サスルポは悪臭と唸り声を撒き散らしながら、ハンマーを振り上げて威嚇してきた。
「うっぷ……」
すさまじい臭気。さっきから漂い始めた臭いが凝縮されたものをダイレクトに浴びる。胃液が逆流しそうになるのを必死で食い止める。強烈すぎる……真夏のアメフト部の部室にブロック肉1キロを1週間放置すれば、こんな感じになるだろうか?

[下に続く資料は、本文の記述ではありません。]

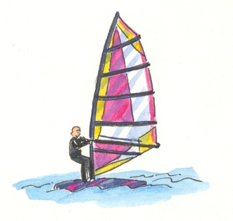 Das Bild gehört zur Serie "Sport". Es zeigt ein gezeichnetes Bild zum Windsurfen. Es gelten die Nutzungsbedingungen der Mediothek und Pixiothek.

強烈な悪臭に顔を塞いだその隙をついて、サスルポが攻撃を仕掛けてきた。とっさに身体を横に動かして、ハンマーによる一撃をよける。
「うっわっ!!」
水で濡れた岩盤に足を滑らせて、よろめく。そこにヤツの2撃目がくる。やべぇっ!!
「イェラアアア!!」
サスルポがハンマーを振り下ろすよりも早かった。この世界独自の掛け声を上げながら、キンダーが丸太のような腕を斬りつけた。
ブヒィィィイイイイ!!
サスルポはひるみ、2~3歩後ずさる。その間にオレは体勢を立て直す。
「リョウ!! 外から応援を呼んできてくれ!!」
「け、けど……!」
「どのみちこの広さと暗さじゃ、アンタの弓は使えねえ!!」
「確かに……わかった!」
リョウはホールから出ていく。第一撃を仕損じたサスルポは、オレたち侵入者の様子を伺っている。こちらも剣を抜いて戦闘態勢に入る。つかの間、睨み合う。
「あ! うえ 見ろ!!」
何かに気づいたイーズルが、松明を頭上に突き出し、天井を照らす。
「なっ…!?」
人影だ! それも子供くらいの大きさの影がふたつ、天井に渡された荒縄に縛られ吊り下げられていた。
「センディ!!」
キンダーが叫ぶ。間違いない。オレの位置からも確認できた。その影の一つはセンディだ。
「ぶじ なのか?」
オレはイーズルに問いかける。
「ああ サスルポ たべない えもの つりさげて とっておく」
保存食というわけか。ハンマーを使ったり、荒縄で獲物を囚えたり、それなりに知能のあるモンスターらしい。この巨体で知恵もあるとなると、確かに熊よりも恐ろしいな。
「サスルポ よわい ところ あるか?」
「あたまの いちばん うえ やわらかい けん させば しぬ」
脳天を攻撃しろ? いや無理だろ。身長3メートル近い巨体、その一番上を狙えって?
「ぜんいんで こうげきして やつ ころばせる そうすれば あたま ねらえる」
確かに……けど、剣や弓矢でチクチクやって転ばさられるのか? その前にオレたちがバテてぶっ倒れないか?
「それしか手がないなら、やるしかねぇだろ!!」
マコトがスキル〈敵意制御〉を発動させる。この巨漢のモンスターの目つきが変わったように感じた。マコトが奴の攻撃する対象を固定させたのだろう。ちょうどヤツの前に岩が一つ突き出ていた。うまい! あの岩に敵意を集中させれば、オレたちはハンマーを恐れることなく攻撃に集中できる! ……はずだったのだが
ブフォォォオオオッッ!!
「え?」
サスルポが岩にハンマーを叩きつけると、聞いたこともないような激しい衝突音とともにその岩は粉砕された。
「ウソだろオイ……」
マコトが敵意を仕向けた岩が消失し、同時にスキルも効力を失った。奴の攻撃を封じるためには、マコトはそこら中の岩にスキルをかけ続けなければいけないということか……。
「……ゲン、連続スキル使用ってどんな感じ?」
マコトはオレに聞く。そんな事やってるのは里のメンバーでも、オレとリョウくらいだ。
「めっちゃくちゃキツイ」
「マジで?」
「3回目くらいから吐き気がしてくる。オレはもう慣れたから、10回はやれるけど……」
「3回かよ、すぐじゃねえか」
その間にこの化け物を転ばせる。いや無理だろ。 クソ、そこにセンディがいるのに……。オレは天井に吊り下げられた少年を見上げる。
「……いや」
そこで気付いた。センディを吊っているあの縄まで跳べないか? あの位置からなら奴の頭を狙える。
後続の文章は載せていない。